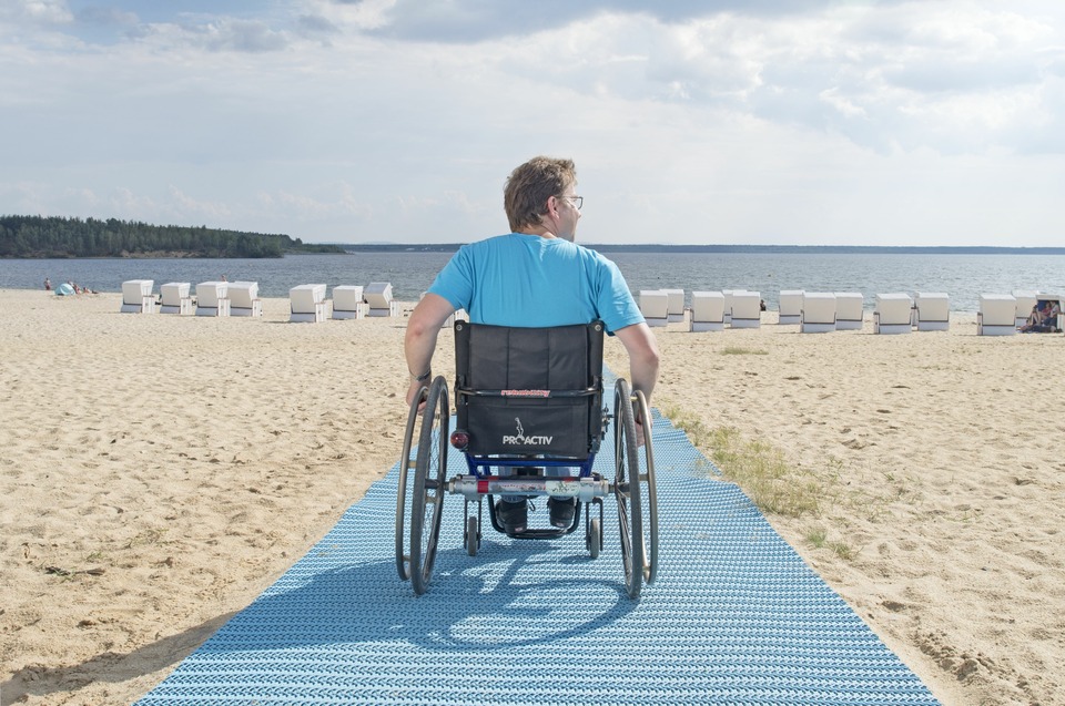 Mit Rollstuhl und Kinderwagen an den Badestrand
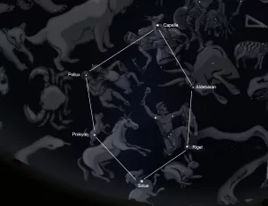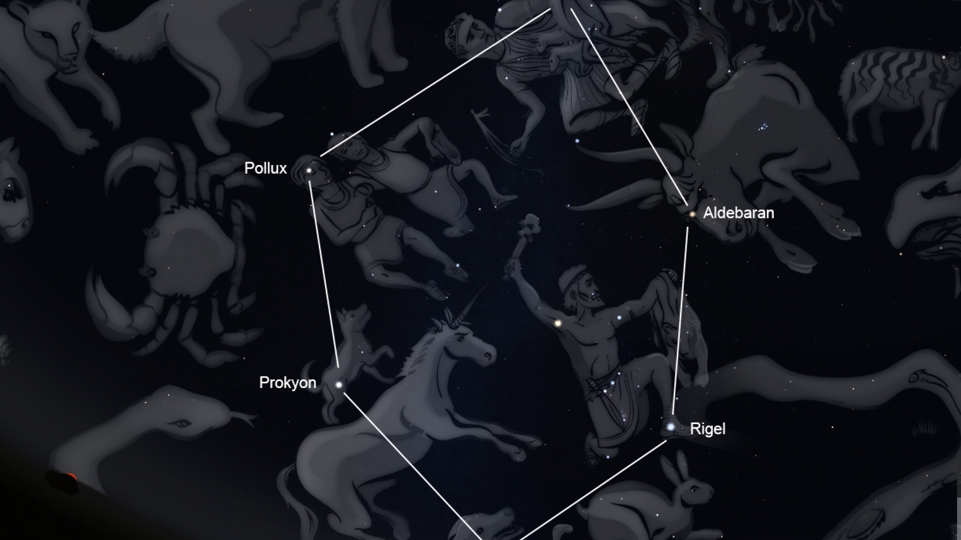 Ebenfalls prominent am Himmel steht zurzeit das Wintersechseck. Dieses ist kein Sternbild, sondern eine Form, die aus den hellsten Sternen von sechs verschiedenen Sternbildern besteht. Die Ecken dieses großen Sechsecks bilden die Capella im Sternbild Fuhrmann, der rötliche Aldebaran im Stier, der Rigel als Fußstern des Orion, der Sirius im Großen Hund, der Prokyon im Kleinen Hund und schließlich die beiden Zwillingsterne Kastor und Pollux.
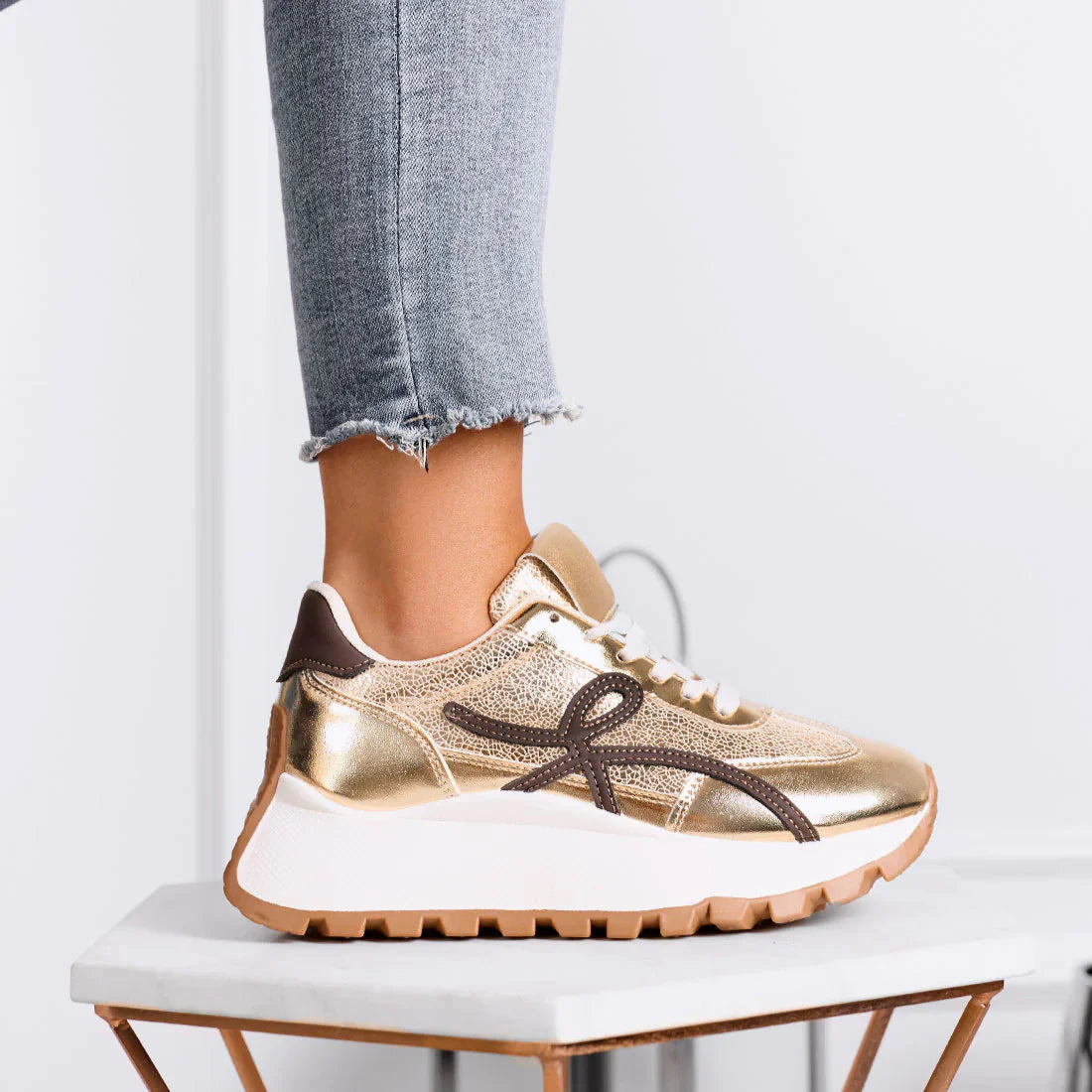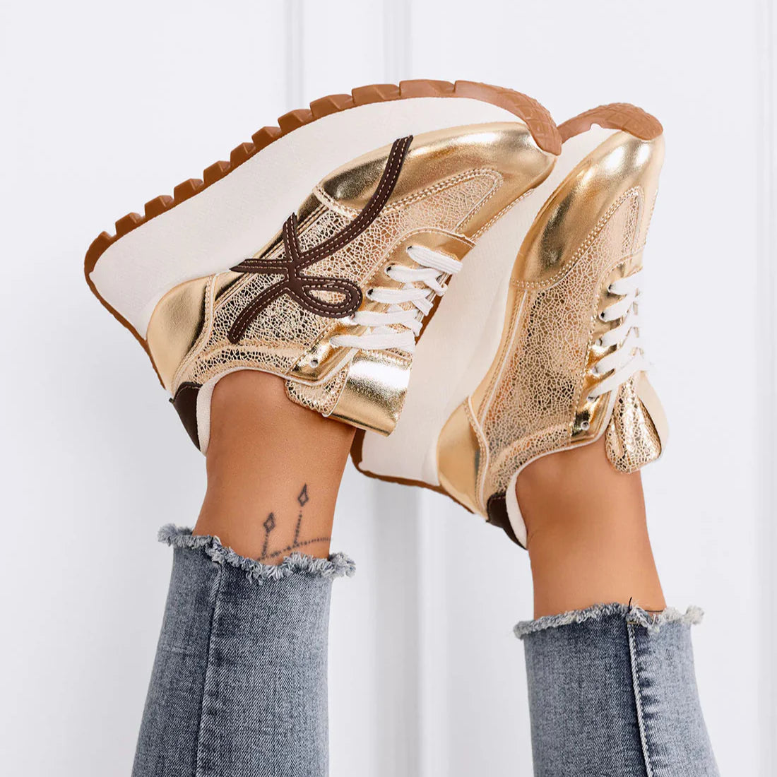 Baskets dorées au style décontracté et polyvalent, enrichies de détails verts contrastants et d'une semelle crantée qui garantit adhérence et stabilité. Idéales pour ceux qui recherchent une chaussure pratique et confortable à porter tous les jours, parfaite aussi bien avec des jeans qu'avec des looks sportifs 👟✨

• **Problem statement**
Pictures do not belong in the copy; repeat the rest of the listing exactly.

• **Expected answer**
 Mit Rollstuhl und Kinderwagen an den Badestrand
 Ebenfalls prominent am Himmel steht zurzeit das Wintersechseck. Dieses ist kein Sternbild, sondern eine Form, die aus den hellsten Sternen von sechs verschiedenen Sternbildern besteht. Die Ecken dieses großen Sechsecks bilden die Capella im Sternbild Fuhrmann, der rötliche Aldebaran im Stier, der Rigel als Fußstern des Orion, der Sirius im Großen Hund, der Prokyon im Kleinen Hund und schließlich die beiden Zwillingsterne Kastor und Pollux.
 Baskets dorées au style décontracté et polyvalent, enrichies de détails verts contrastants et d'une semelle crantée qui garantit adhérence et stabilité. Idéales pour ceux qui recherchent une chaussure pratique et confortable à porter tous les jours, parfaite aussi bien avec des jeans qu'avec des looks sportifs 👟✨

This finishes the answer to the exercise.